MEMETERIA by Thomas May

Music & the Arts

Concluding the Sibelius Festival in Seattle


With the strings leaning in to one of the most powerfully orchestrated C major chords of the 20th century, the Seattle Symphony’s ambitious Luminous Landscapes Sibelius Festival has reached its conclusion. (There’s also a curious Nachtisch to this week’s final program: after the orchestra players cleared the stage on Thursday, we were treated to a mini-recital of nine Sibelius lieder, with soprano/pianists Maria Männistö and Christina Siemens alternating roles.)

For fellow music lovers (and Sibelius completists) who’d been present for all three programs this past month, there was an added sense of satisfying closure that was maybe, just maybe, a bit reminiscent of being with a Ring audience at Seattle Opera as the final chord of Götterdämmerung fades out.

On Sunday you can listen to the entire marathon via the KING FM Seattle Symphony Channel, KING FM 98.1’s new collaborative project with the SSO. On March 29 the marathon starts at 12:01 a.m. with a looping 24-hour stream of the seven symphonies, the Violin Concerto (with soloist Pekka Kuusisto), and Finlandia — all with Thomas Dausgaard conducting, recorded live from the past month’s performances.

My previous coverage of the Sibelius Festival:

review of Sibelius Program I for Bachtrack

review of Sibelius Program II for Musical America

review of Sibelius Festival Program III for Musical America

And a glance at San Francisco Symphony’s recent “Creation” program, which included the composer’s fascinating, brief tone poem Luonnotar.

We’re still early in this 150th anniversary year honoring Sibelius. The birthday itself falls in December — which somehow seems just right for a composer so associated with Northern landscapes. Many orchestras have therefore planned Sibelius-related programs for the coming season as well. But the Seattle Symphony is the only U.S. orchestra to have performed an entire Sibelius symphony cycle back-to-back to mark the anniversary. It’s been a genuinely laudable artistic milestone for the ensemble.
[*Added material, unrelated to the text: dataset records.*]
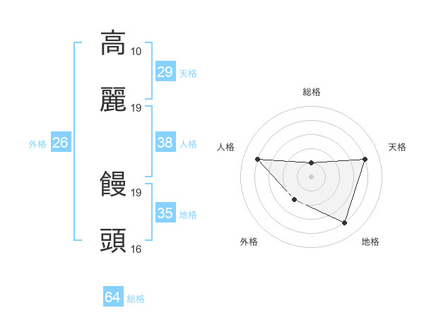 高麗 饅頭さんの総格は64画の1点!
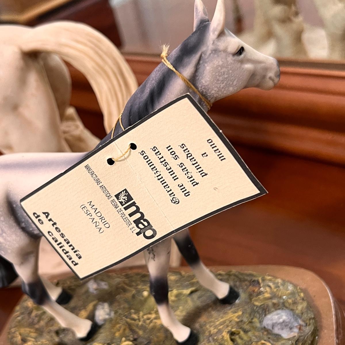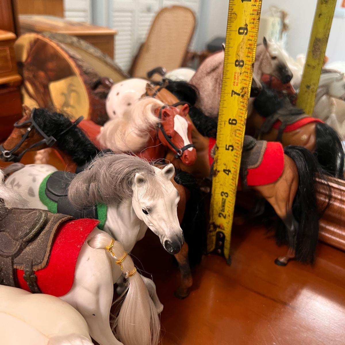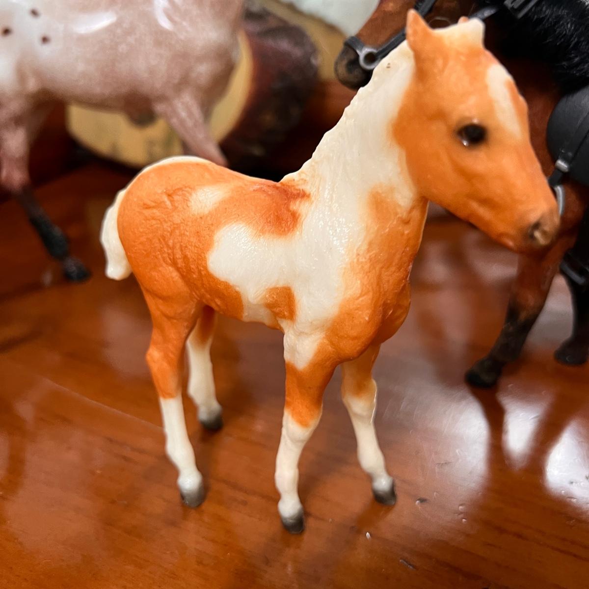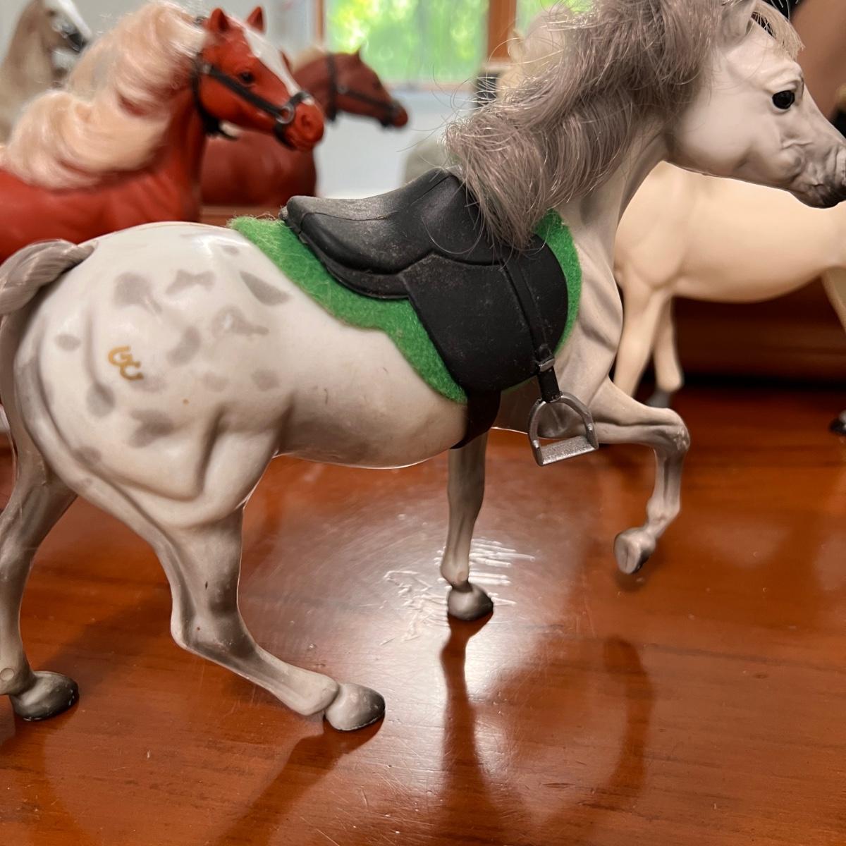 Lot of vintage horses. Toys with some stamped with GC - Empire Grand Champion (plus accessories). New with tags porcelain figurine from Madrid Spain. Hand braided new with tags horse. Wooden horse with foal puzzle. Very interesting collection!
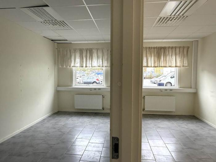 Lokalen består av två kontorsrum, personalrum med pentry, wc med dusch samt lagerdel med port. Tack vare fönster i flera väderstreck upplevs lokalen som ljus och trivsam.
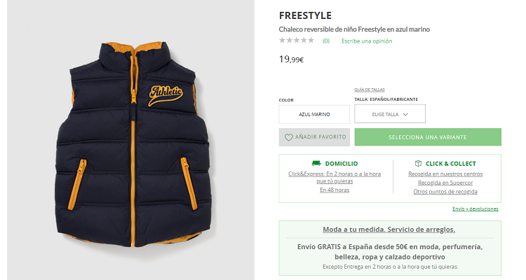 Su precio es de 19,99, y tenemos tallas desde los 4 años de edad, hasta los 16 años aproximadamente. Eso sí, consulta la guía de tallas, pues por ejemplo, 16 años de niño lo ponen como 1,72 de altura, y cuando yo tenía esa edad, medía 1,86.
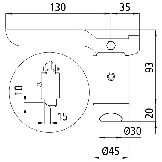 Jousilukko/tukijalan lukko vaihtolavalle, lukitusmekanismilla, rasvanipalla, raakaterästä, pultti Ø30 mm viistetty
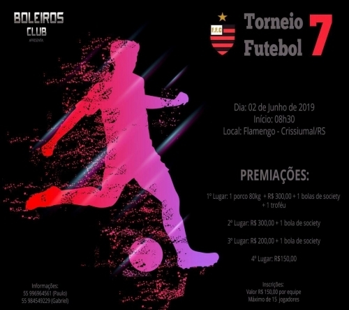 Torneio de futebol 7 do Boleiros Club. Grande premiação, árbitros contratados, segurança, e iluminação no campo para os jogos finais. Será neste domingo, dia 02 de junho.
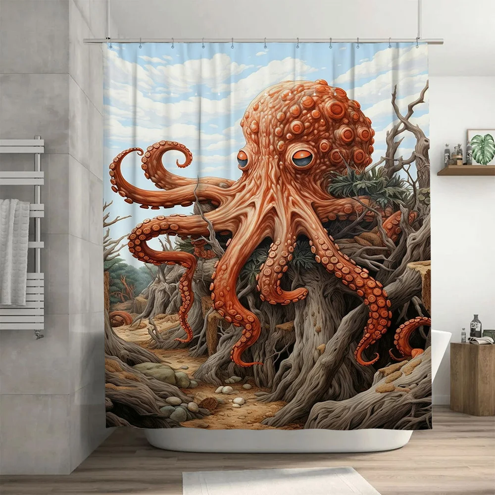Transform your bathroom with the Giant Octopus Forest Shower Curtain
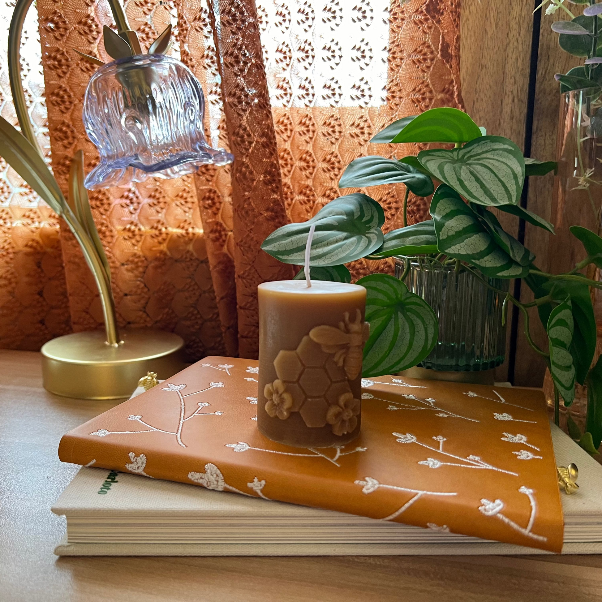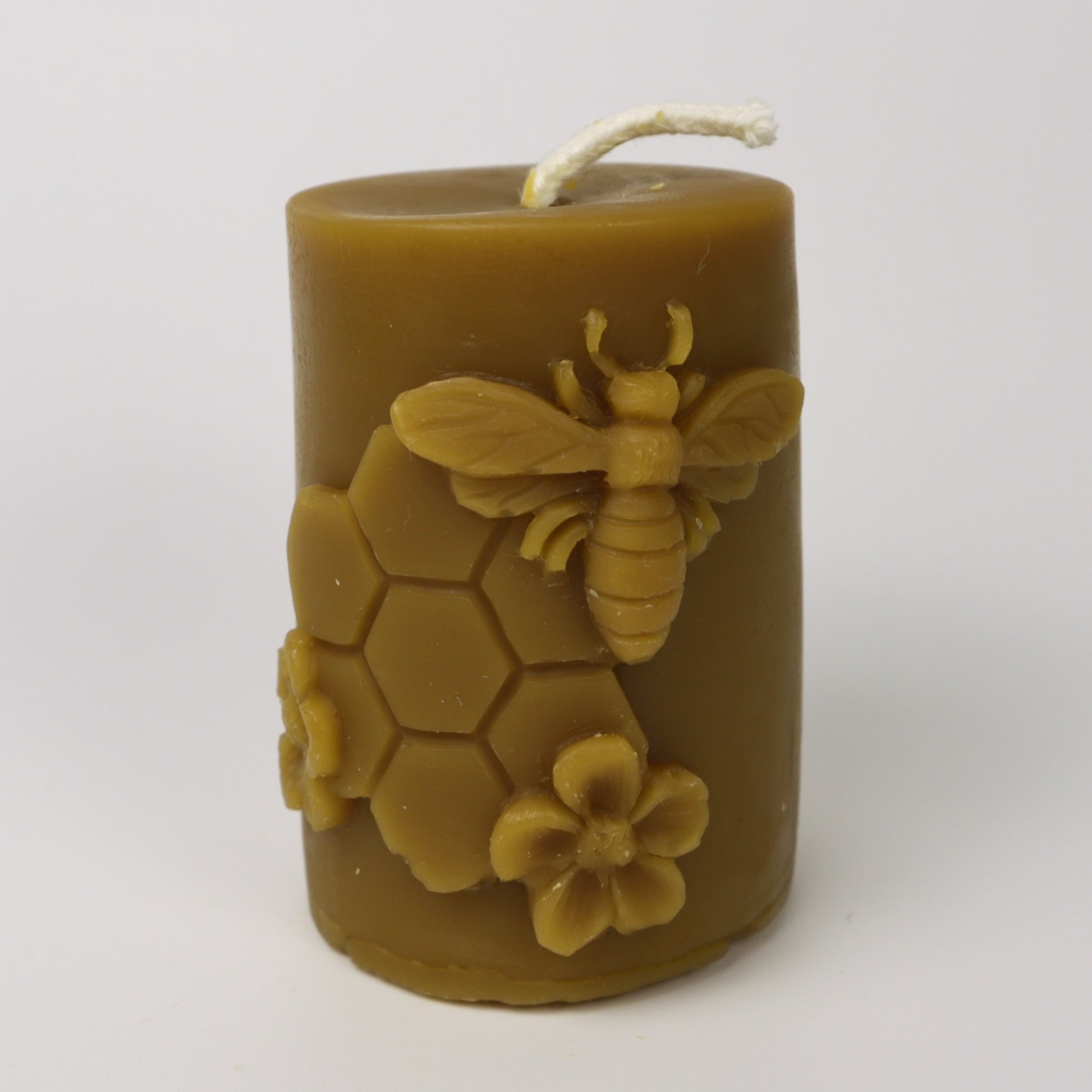 Ilumina tu espacio con nuestra vela de cera de abejas con forma de hexágono y cilindro de flores hecha a mano, elaborada con cera de abejas 100 % pura de nuestras colmenas. Las características incluyen:
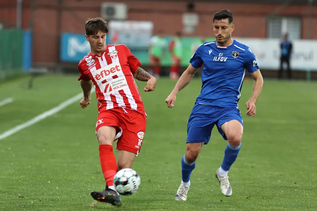 Meciul de fotbal dintre echipele FC Voluntari (echipament albastru) si UTA Arad (echipament alb/rosu) din etapa a 9-a a play-out-ului Ligii 1, disputat pe stadionul Anghel Iordanescu din Voluntari, miercurie 19 mai 2021. GEORGE FILIP / MEDIAFAX FOTO
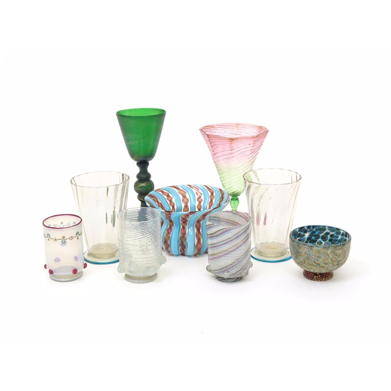 A small collection of Venetian glass 19th and 20th centuries, including a Salviati lobed bowl with everted rim, striped in pale blue and gilt and red aventurine, a small millefiori bowl in shades of blue and gilt, a pair of moulded beakers with blue line footrims, three small rounded beakers applied with raspberry prunts, a spiral-moulded octagonal goblet in pink and green, and a green glass raised on a multiple knopped stem, 18cm max. (9)
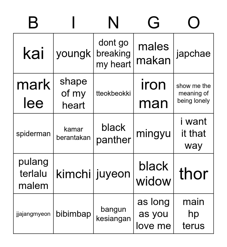 This bingo card has a free space and 24 words: kimchi, bibimbap, tteokbeokki, jjajangmyeon, japchae, kai, mark lee, youngk, mingyu, juyeon, iron man, spiderman, black widow, thor, shape of my heart, as long as you love me, i want it that way, dont go breaking my heart, show me the meaning of being lonely, kamar berantakan, main hp terus, pulang terlalu malem, males makan and bangun kesiangan.
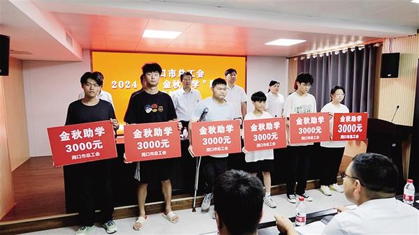 为解决部分即将步入大学的困难职工子女和品学兼优的在读困难学生的实际困难,8月23日,市总工会举行2024年“金秋助学”助学金发放仪式。据了解,截至目前,全市各级工会“金秋助学”活动共筹措资金133万元,资助困难学生409人。 记者 王晨 摄
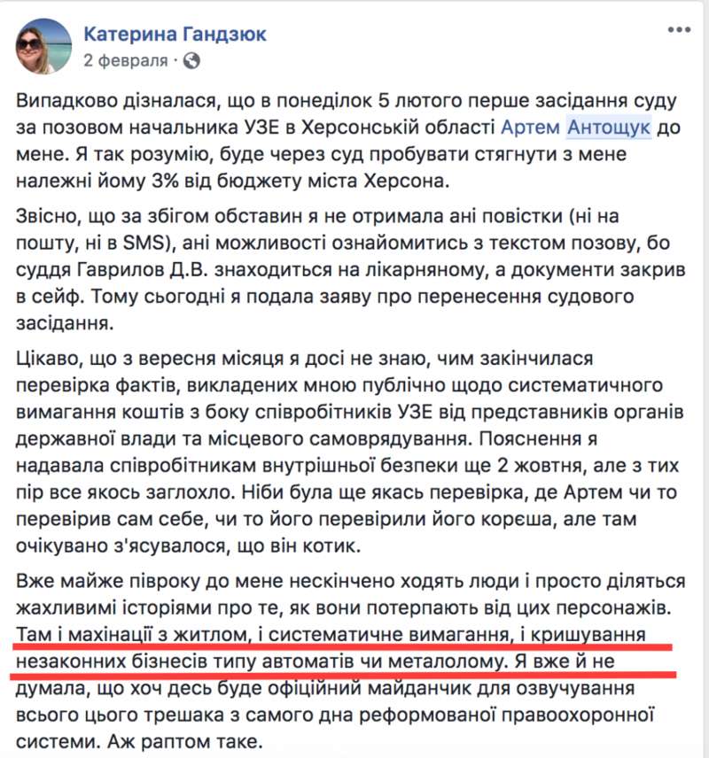 У Катерины Гандзюк давний конфликт с начальником управления защиты экономики в Херсонской области Артемом Антощуком. Гандзюк открыто обвиняла его в коррупции. В ответ Антощук подал в суд и потребовал опровержения обвинений, но суд не обязал Гандзюк опровергнуть сказанное.
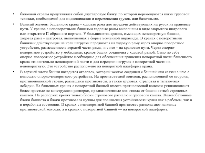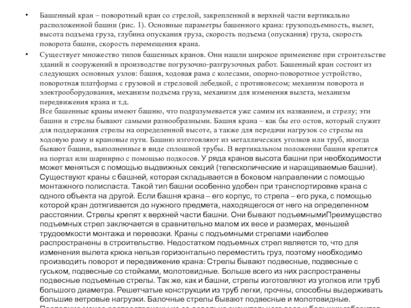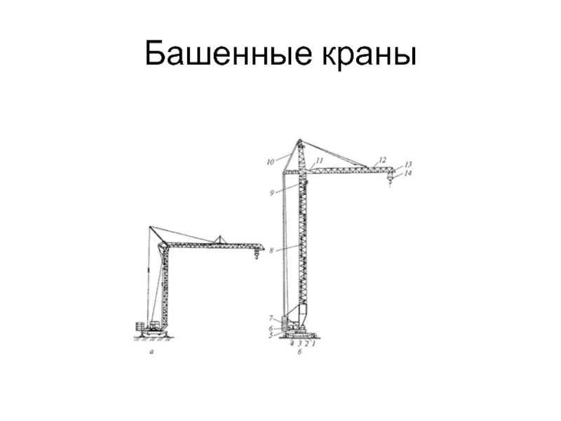 Слайд 22Башенный кран – поворотный кран со стрелой, закрепленной в верхней

Filed under: programming, Seattle Symphony, Sibelius

One Response - Comments are closed.

  1. David Brooks says:

    Thank you for all the great reviews, Thomas. They’ve really enhanced my appreciation for what I heard, as we have discussed in email. I’m left with some lasting impressions: as you said, the way that the focus on the Sibelian elements helped connect the tapestry together (the woodwind thirds, the strings’ overlapping figures that were simplified to “just” scales in the end, the solid power of the brass, even the almost-parodic emphasis on the horn blasts). I particularly appreciated the architectural clarity; I kept hearing movements as a sequence of arches, with flights of color anchored in strong pillars (musically, I realized how many extended rondo forms were presented). I liked the way Dausgaard treated his players as sensitive and creative musicians, not just members of an orchestra; for all his control of the shape he relied on the players’ own artistry to make the vision complete. And I heard a Sixth that for me was the high point of the cycle; despite your feelings about the Thursday performance they seemed to be well into the work Saturday, and the full violin sections were simply marvelous. Looking forward to the complete CD set!